I have a question. Do you want Cassidy to eventually feel sorry for what she's doing to Jonathan and Amber ... and stop the tickling? Set them free?
I don't want her to stop tickling Jonathan. I want her to go on indefinitely.
I'm not sure about Amber. Maybe she should stop tickling Amber and cuddle with her.
 
I don't want her to stop tickling Jonathan. I want her to go on indefinitely.
I'm not sure about Amber. Maybe she should stop tickling Amber and cuddle with her.

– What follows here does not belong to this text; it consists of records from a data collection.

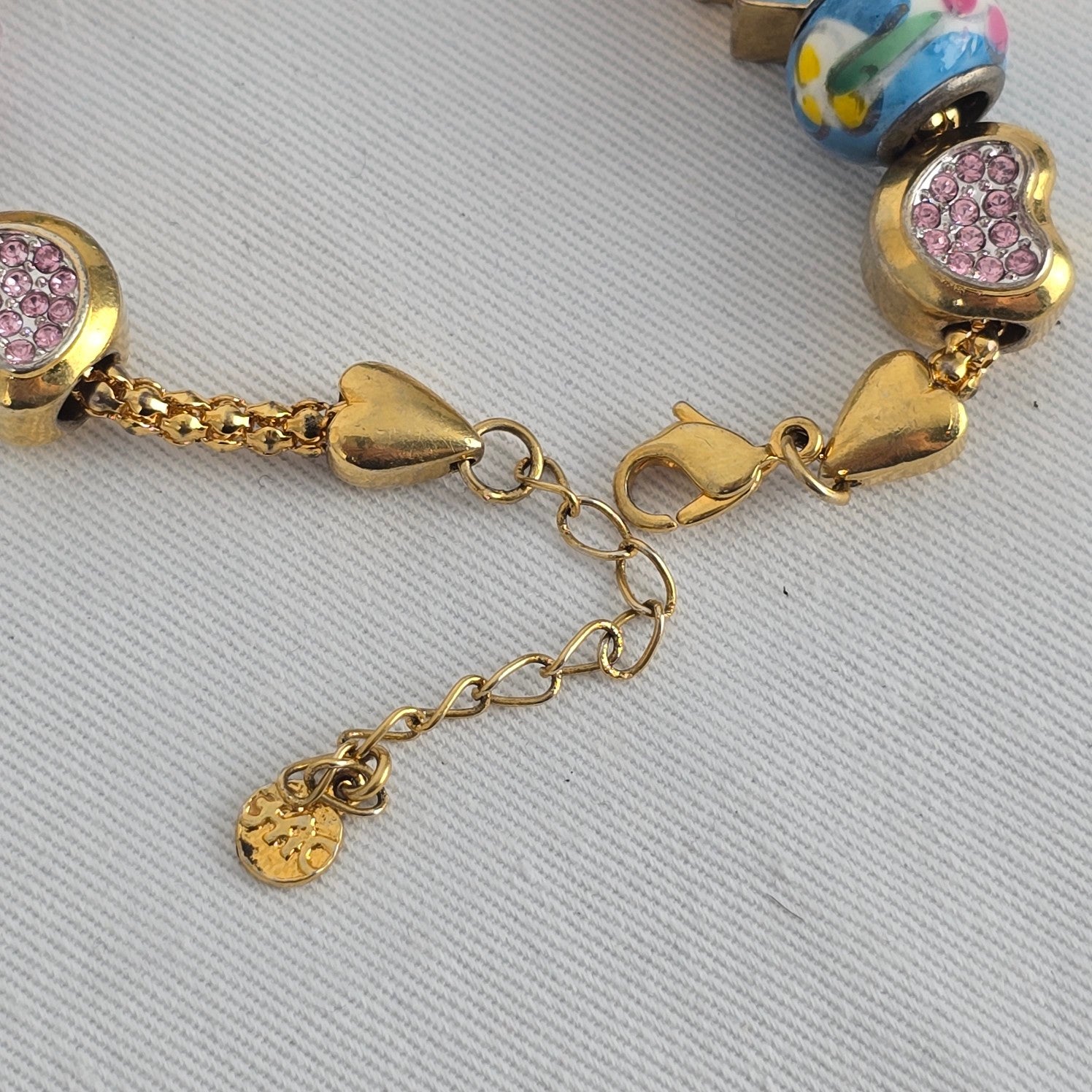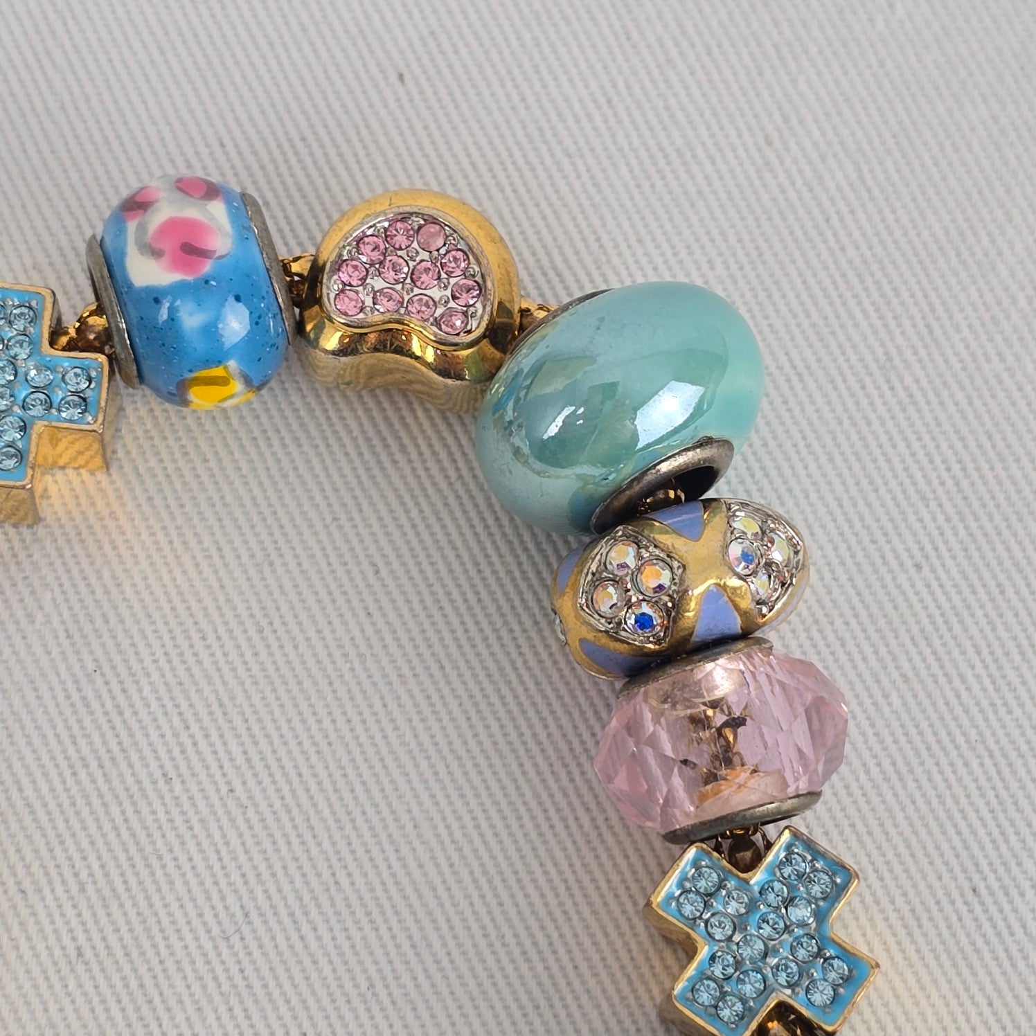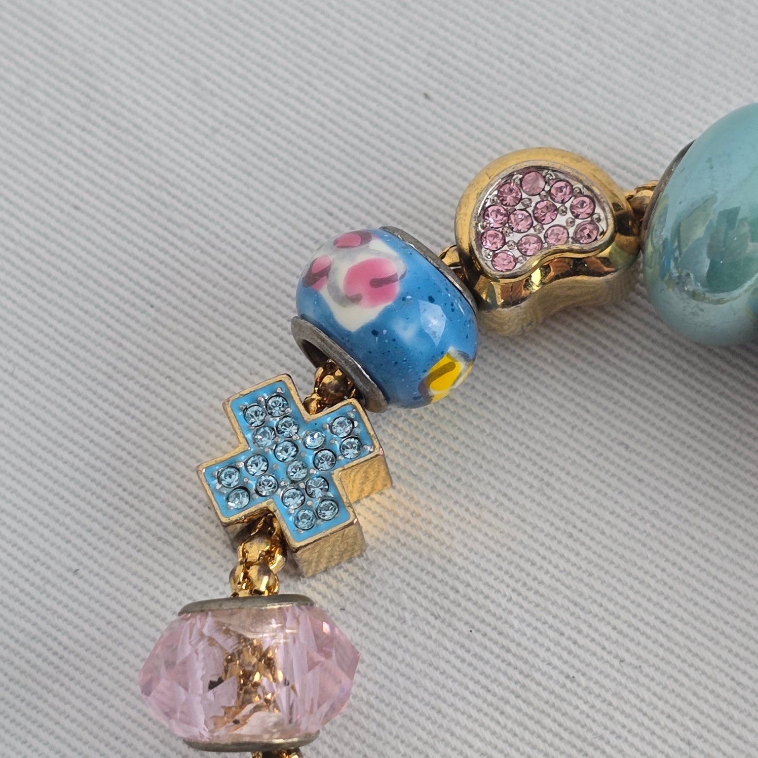 FAC Fifth Avenue Collection Charm Bracelet Gold Tone Heart Cross Beaded Crystal Bracelet
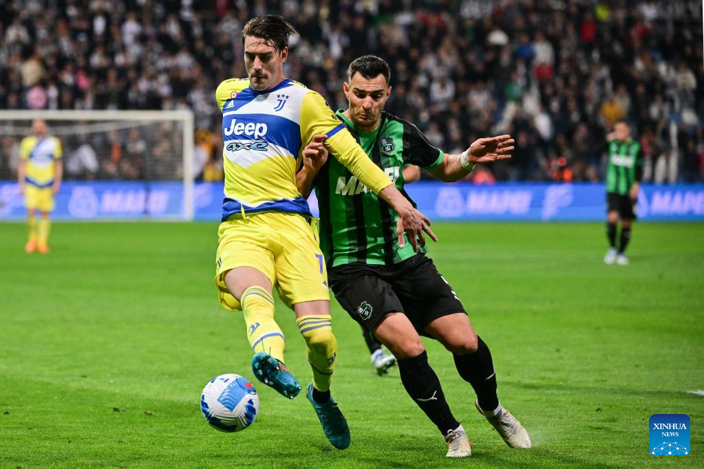 Juventus' Dusan Vlahovic (front L) controls the ball during a Serie A football match between Sassuolo and FC Juventus in Reggio Emilia, Italy, on April 25, 2022. (Photo by Federico Tardito/Xinhua)
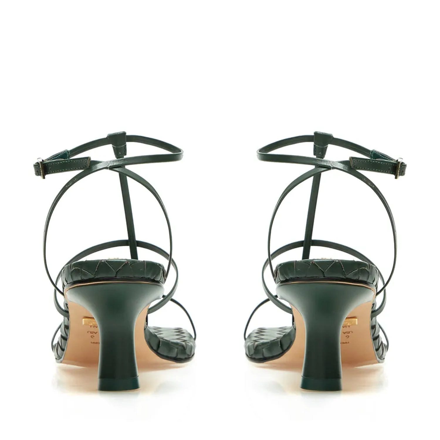 A Sandália Florença traz forte a identidade da Paula Torres com o tresse manual em toda sua palmilha. O modelo é produzido em couro, na parte superior, tiras finas e fivela para fechamento lateral. Salto médio e fino que acompanha a cor do couro. O bico quadrado deixa qualquer produção elegante e sofisticada.

That's so interesting. I could be wrong but your comment seems to reveal that you're 100% in love with only F/M tickling and/or domination ... and you could easily 'take it or leave it' when it comes to F/F. Interesting how there's all different kinds of us out there and our focus is sometimes on very specific things. @milagros317
 
I am indeed in love with F/m tickling and domination. (Hence the capital F and the lowercase m.) I like it when, in fictional stories, F/m tickling goes on to the point of extreme tickle torture. That is the way some of my own stories are written. One example is "Ted's Big Break". https://www.ticklingforum.com/threads/teds-big-break-f-m.28994/

My favorite kind of F/F tickling story would always stop short of torture; at most it would involve a slight pushing of limits. I do like reading lesbian love scenes, so it is natural to want the tickling to end with cuddles and then more serious sexual activity. To each of us his or her own preferences.
 
I am indeed in love with F/m tickling and domination. (Hence the capital F and the lowercase m.) I like it when, in fictional stories, F/m tickling goes on to the point of extreme tickle torture. That is the way some of my own stories are written. One example is "Ted's Big Break". https://www.ticklingforum.com/threads/teds-big-break-f-m.28994/

My favorite kind of F/F tickling story would always stop short of torture; at most it would involve a slight pushing of limits. I do like reading lesbian love scenes, so it is natural to want the tickling to end with cuddles and then more serious sexual activity. To each of us his or her own preferences.

I appreciate all input, thoughts, likes and dislikes. It expands my mind. Thank you.